776021-1 : Modifying a scheduled backup
Component: BIG-IQ System User Interface
Symptoms:
BackupLifeTime is gone after user sets backupCounter
Conditions:
Create a backup with retention policy backupLifeTime, then update it with backupCounter
Impact:
No functional impact but it is confusing.
Workaround:
Don't provide conflict parameter backupLifeTime and backupCounter at the same time
Fix:
backupLifeTime and backupCounter do not coexist. They are two different types of retention policy. Also, you can see it from UI where you can only pick either one.
Known Issues in BIG-IQ CM v7.1.x
BIG-IQ Configuration - Local Traffic Issues
| ID Number | Severity | Solution Article(s) | Description |
| 873917-2 | 4-Minor | iRules with extremely long names |
BIG-IQ Access Issues
| ID Number | Severity | Solution Article(s) | Description |
| 807385 | 4-Minor | Egress gateway pool unselect empty the dropdown |
AppIQ Issues
| ID Number | Severity | Solution Article(s) | Description |
| 832801 | 2-Critical | BIG-IP with FIPS and BIG-IQ analytics iApp may become inaccessible | |
| 804213 | 2-Critical | BIG-IQ cannot handle same AVR profile for BIG-IP V13.x and V14.x | |
| 907321-1 | 3-Major | Elasticsearch instance on the BIG-IQ CM generates an OutOfMemory error | |
| 898341 | 3-Major | BIG-IP may stop sending statistics following a DCD reboot | |
| 876565-1 | 3-Major | Log files in /var/log/appiq not removed after 10 days | |
| 838265 | 3-Major | Agentmanager should not depend on elasticsearch cluster status to start | |
| 812065 | 3-Major | Pools & pool-member stats are not collected after upgrade |
REST Framework and TMOS Platform Issues
| ID Number | Severity | Solution Article(s) | Description |
| 911445-1 | 2-Critical | When BIG-IQ is performing resource-intensive operations, user sessions might prematurely terminate |
BIG-IQ System Issues
| ID Number | Severity | Solution Article(s) | Description |
| 940265 | 4-Minor | New Resource group appears to give access to only one, un-named pool. |
BIG-IQ Application Management Issues
| ID Number | Severity | Solution Article(s) | Description |
| 945545 | 3-Major | Permissions for Service Catalog Application roles after upgrading from BIG-IQ 7.1.0 to 7.1.0.1 | |
| 920461 | 3-Major | Big-IQ AS3 deployment shows as successful but is not present on the target device |
Known Issue details for BIG-IQ CM v7.1.x
945545 : Permissions for Service Catalog Application roles after upgrading from BIG-IQ 7.1.0 to 7.1.0.1
Component: BIG-IQ Application Management
Symptoms:
After Upgrading from BIG-IQ version 7.1.0 to 7.1.0.1, users assigned to the Service Catalog Application role might lose their permissions to applications.
Conditions:
Users assigned to the Service Catalog Application role attempting to view a service application after upgrading from BIG-IQ version 7.1.0 to 7.1.0.1 get an error message similar to the following: You are not authorized for Virtual Server (or Pool, and so forth) as a none-admin user.
Impact:
The user assigned to the Service Catalog Application role is unable to view application details and BIG-IQ displays an error.
Workaround:
To work around this issue, the BIG-IQ administrator can create an AS3 or Legacy Application Service and add the user to its Manager or Viewer role.

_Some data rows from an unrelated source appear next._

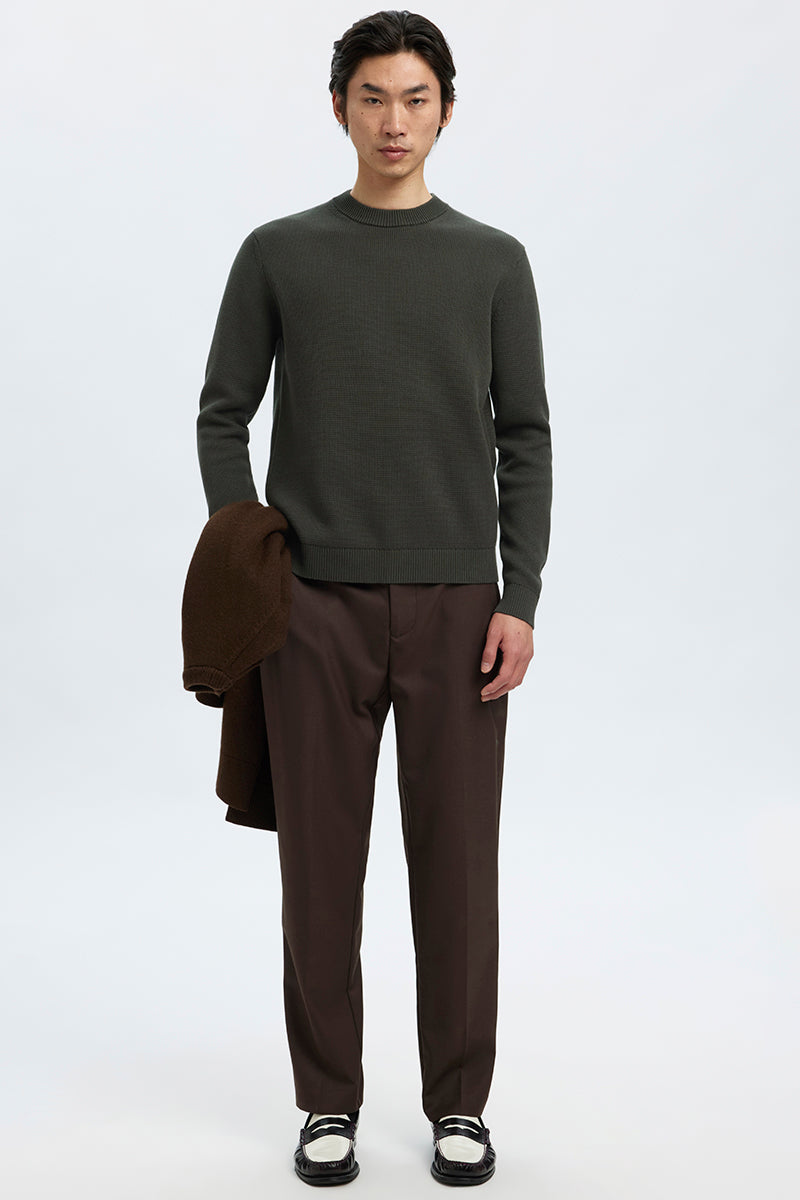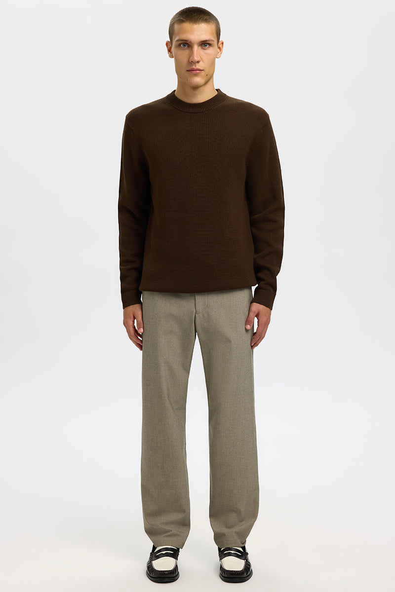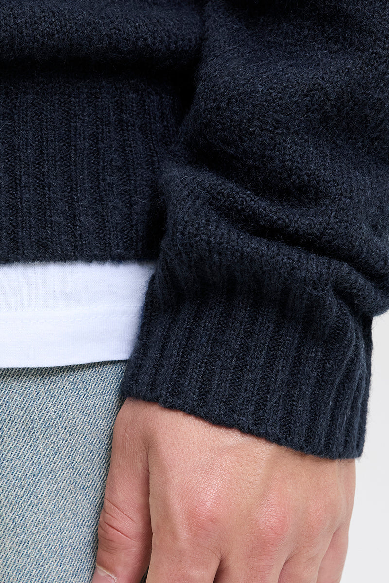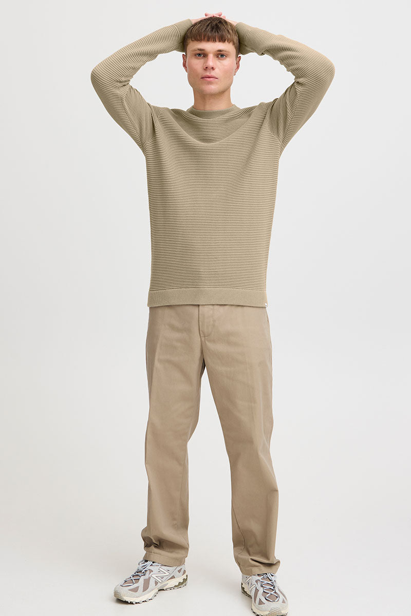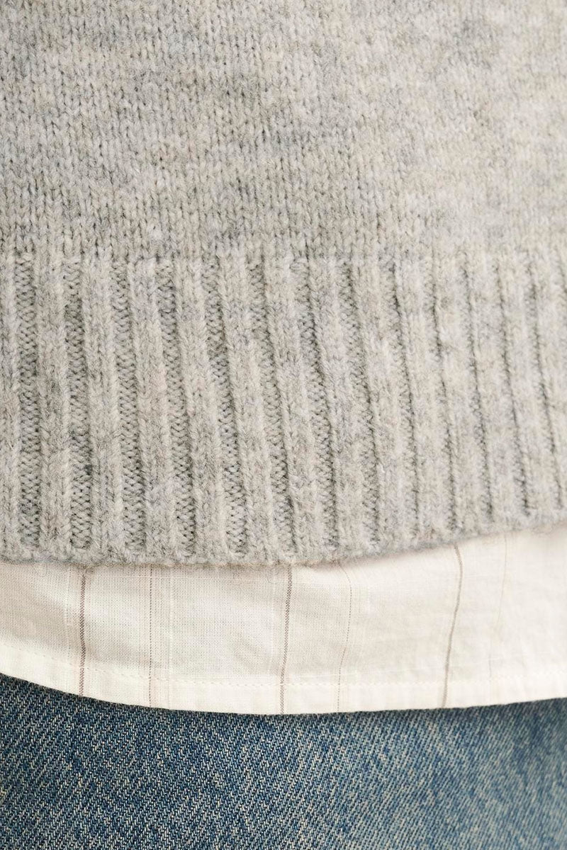 The first, and perhaps the most important knit sweater to mention is the simple, classic pullover sweater with a round neck and long sleeves, which never really goes out of style. It comes in many different colors and shades and is also designed in patterned models, giving it a slightly different expression. At 2trendy, you'll find a wide range of pullovers from well-known brands like Selected, Clean Cut, Jack and Jones, and Kronstadt.
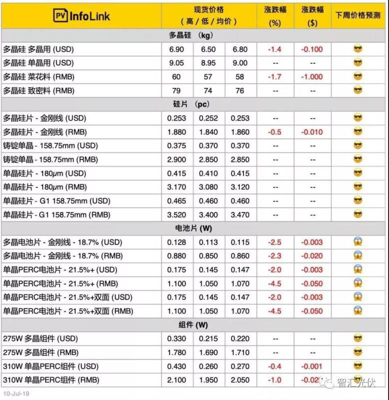 在電池片下跌的帶動下,單晶PERC組件價格也持續(xù)走低;多晶電池片小幅下降。
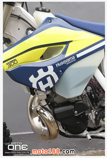 Husqvarna TE300挾54ps馬力峰值傲視云云對手,比TE250多岀50c.c.,馬力與扭力高出相當,但竟然只有104.4kg的車子乾重,僅比前者多出 0.2kg,秘密在那里?其實沒有秘密,只是大量采用剛度適中的輕合金,除了那鉻鉬合金車架,大概可以包括稱之為高拉力鋼管車架吧。當然是非一般鋼管,這 個在TE250文 中己介紹過,在此不再重提,現在就著眼於她的乾重,證明在開發TE250時,各零部件已預留充裕的強度去應對更大馬力/扭力的輸出,主要的零部件無需作出 改動去迎合,只是汽缸孔徑改動72mm,活塞行程維持TE250的72mm,即72x72mm缸徑/活塞行程以1:1比例實屬罕見。
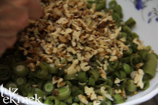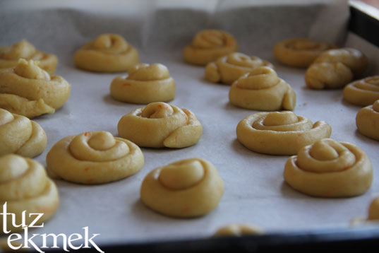 Şekil verilecek kıvama getirilir. Geleneksel şekli için ceviz kadar alınır ve tahta bir zeminde yuvarlanır ve ortadan etrafına döndürülür.
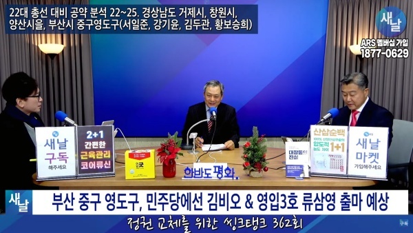 12월26일(화요일) 새날 유튜브 방송은 2020년 21대 국회의원 선거에서 당선된 부산광역시 중구·영도구 황보승희 의원이 제시한 선거공약을 평가했다. 평가를 위한 방송에는 푸른나무, 이상구 원장, 민진규 소장(국가정보전략연구소)이 출연했다.
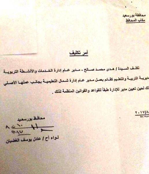أصدر اللواء عادل الغضبان محافظ بورسعيد قرارا بتكليف هدي محمد صالح مدير إدارة الخدمات والأنشطة التربوية بمديرية التربية والتعليم ببورسعيد، بالعمل كقائم بأعمال مدير عام إدارة شمال التعليمية، وذلك خلفا لـ" حنان ناصف" مديرة إدارة شمال التعليمية السابقة والتي أصدر المحافظ قرار بإيقافها عن العمل لتقاعسها عن أداء عملها.
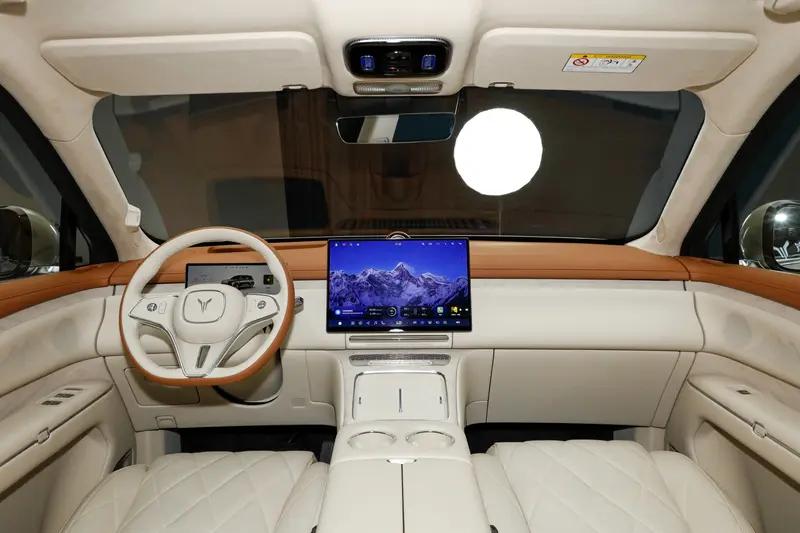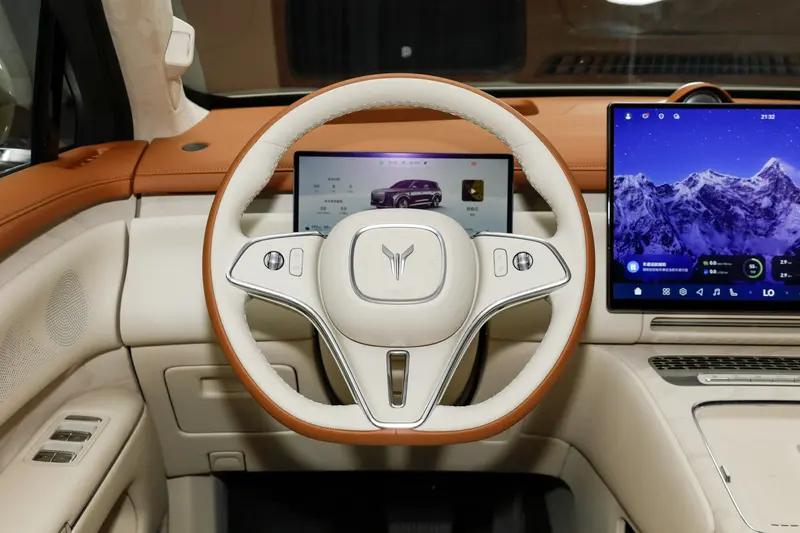 座舱设计上,岚图泰山从中国山水意境与传统建筑中汲取灵感,以“山水入境”为核心,强调舒适内饰与用户情感共鸣,采用温润雅致的材质与色调,营造出如置身自然画卷的静谧氛围,首批推送最新版鸿蒙座舱语音大模型。方向盘的设计也颇有质感,上面有镀铬装饰和金属质感的滚轮按键。
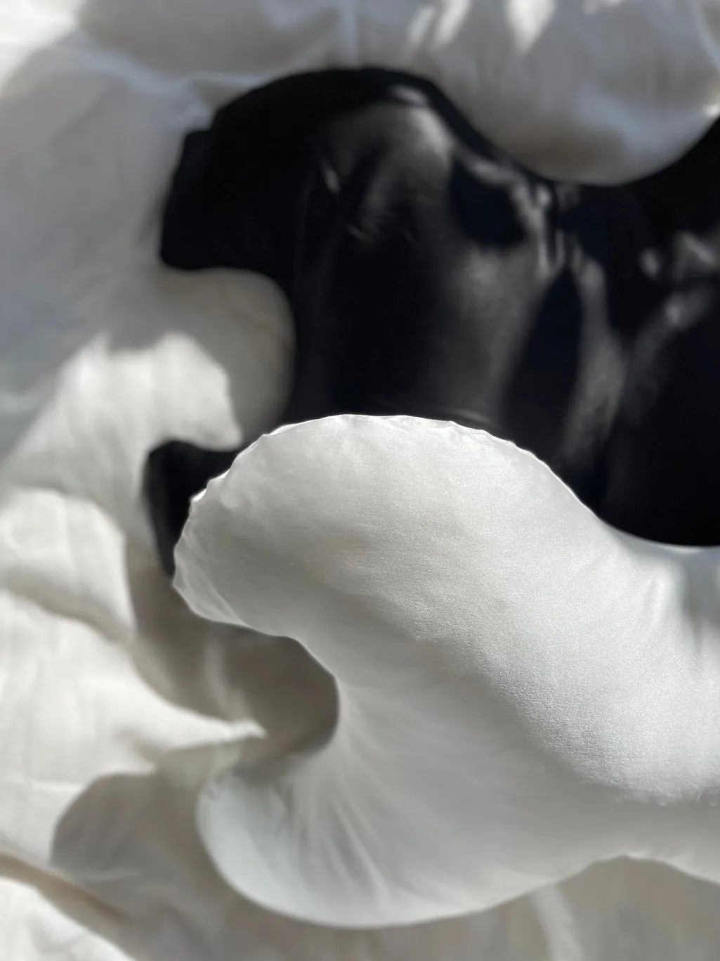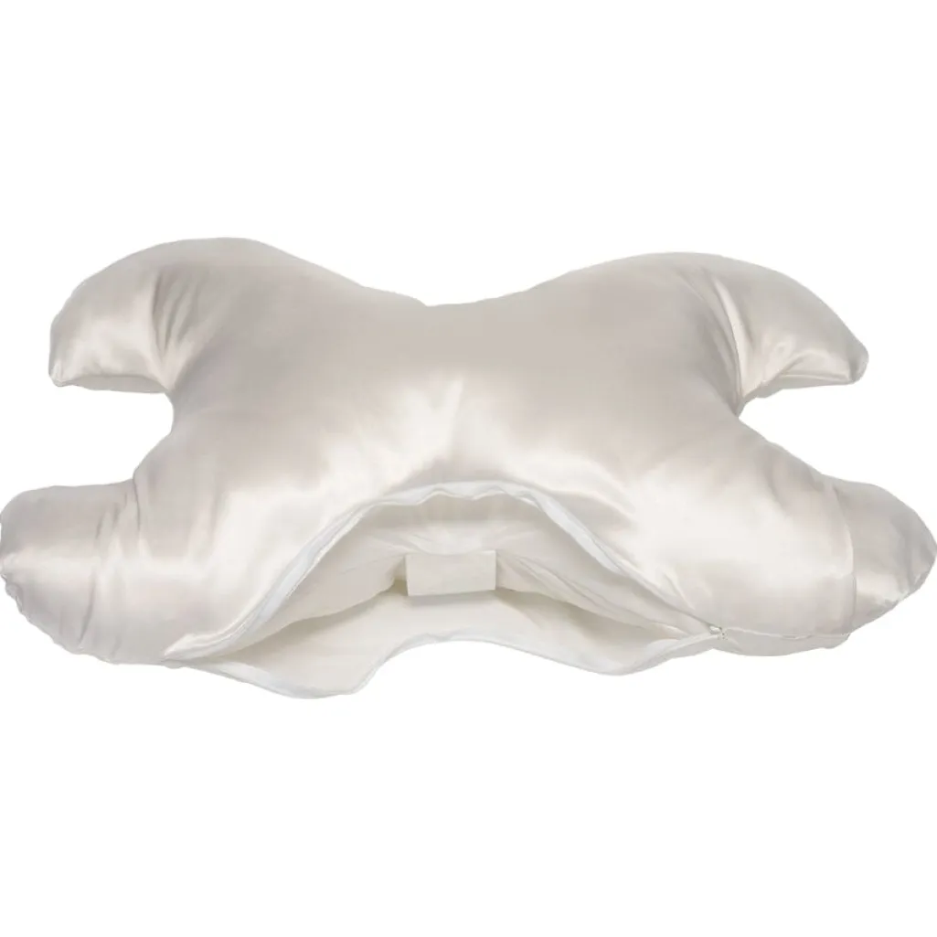 Hvidt pudebetræk fra Save My Face i charmeuse-silke med temperaturregulerende og antiseptiske egenskaber. Betrækket er designet specifikt til Le Grand-puden.

940265 : New Resource group appears to give access to only one, un-named pool.
Component: BIG-IQ System
Symptoms:
Overview:
If you edit the group properties incorrectly, it's possible to make it appear as if a pool has only one, un-named pool member, even though the pool contains multiple pool members.
Conditions:
Steps to Reproduce:
1.Create a new resource group that has access to all pool
members for all virtual servers:
a. System>ROLE MANAGEMENT>Resource Groups>Add.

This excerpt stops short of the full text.